Source data:
- - -

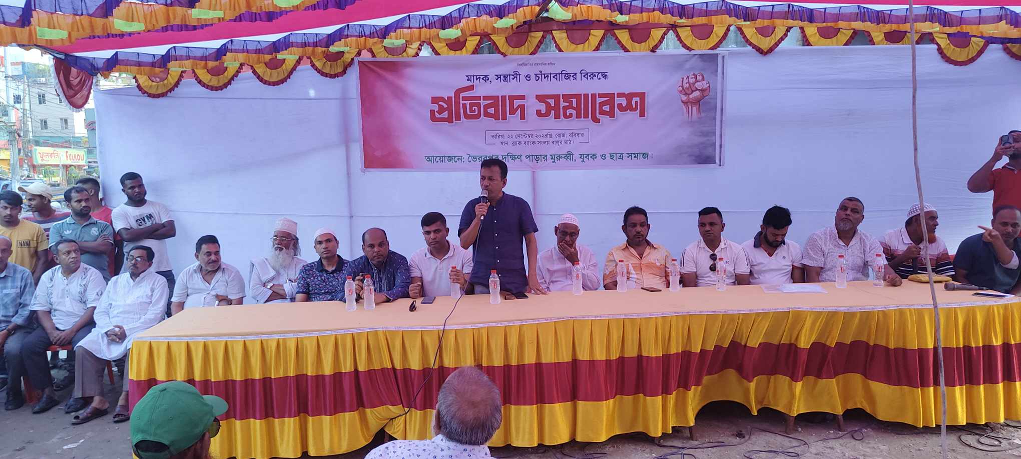 ভৈরব (কিশোরগঞ্জ) প্রতিনিধি: ভৈরবে মাদক সন্ত্রাসী ও চাঁদাবাজির বিরুদ্ধে প্রতিবাদ সমাবেশ অনুষ্ঠিত হয়েছে। আজ ২২ সেপ্টেম্বর রোববার বিকাল ৫টায় শহরের বঙ্গবন্ধু সরণী ২নং ওয়ার্ড দ্বীন ইসলাম ট্রান্সপোর্ট মাঠে এই সভা অনুষ্ঠিত হয়।
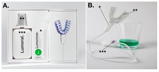 The dual-light aPDT device. (A) The packaging includes the effervescent ICG tablets (*) to be dissolved in 30 mL of water, for which a measuring cup (**) is available. A power source (***) provides electricity for the mouthguard-type light applicator. (B) The mouthpiece (*) is composed of 48 LED components (**) able to provide simultaneous 405 nm and 810 nm light. Symmetrically assembled LEDs provided light for both maxillary and mandibular dental arch. The button on the control unit provided a treatment time of 10 min (***). The glass contains dissolved mouth rinse.
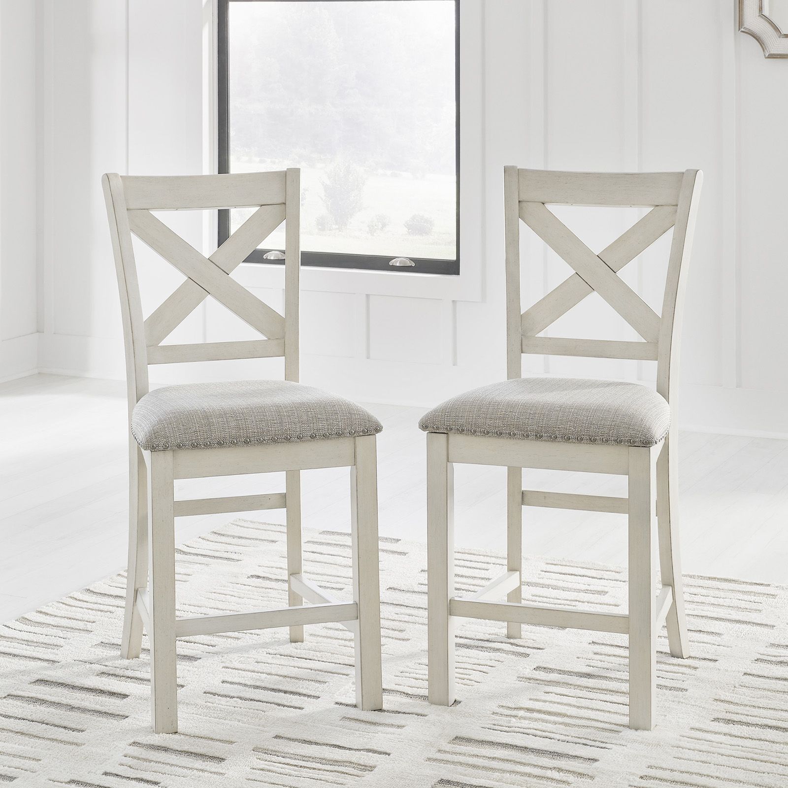 The Robbinsdale Upholstered Barstool brings timeless farmhouse charm to your dining space. Crafted in an antiqued white finish with a subtle wood grain texture, it exudes rustic elegance. The light gray polyester upholstery with a plush foam cushion ensures comfort, while the nailhead trim and X-style back add a refined, handcrafted touch. Perfectly scaled for counter height dining, this stool combines comfort, style, and everyday durability for a welcoming seat at every meal.

- - -

Task to complete: Would you return the whole listing exactly, without the pictures?

Response area:
 ভৈরব (কিশোরগঞ্জ) প্রতিনিধি: ভৈরবে মাদক সন্ত্রাসী ও চাঁদাবাজির বিরুদ্ধে প্রতিবাদ সমাবেশ অনুষ্ঠিত হয়েছে। আজ ২২ সেপ্টেম্বর রোববার বিকাল ৫টায় শহরের বঙ্গবন্ধু সরণী ২নং ওয়ার্ড দ্বীন ইসলাম ট্রান্সপোর্ট মাঠে এই সভা অনুষ্ঠিত হয়।
 The dual-light aPDT device. (A) The packaging includes the effervescent ICG tablets (*) to be dissolved in 30 mL of water, for which a measuring cup (**) is available. A power source (***) provides electricity for the mouthguard-type light applicator. (B) The mouthpiece (*) is composed of 48 LED components (**) able to provide simultaneous 405 nm and 810 nm light. Symmetrically assembled LEDs provided light for both maxillary and mandibular dental arch. The button on the control unit provided a treatment time of 10 min (***). The glass contains dissolved mouth rinse.
 The Robbinsdale Upholstered Barstool brings timeless farmhouse charm to your dining space. Crafted in an antiqued white finish with a subtle wood grain texture, it exudes rustic elegance. The light gray polyester upholstery with a plush foam cushion ensures comfort, while the nailhead trim and X-style back add a refined, handcrafted touch. Perfectly scaled for counter height dining, this stool combines comfort, style, and everyday durability for a welcoming seat at every meal.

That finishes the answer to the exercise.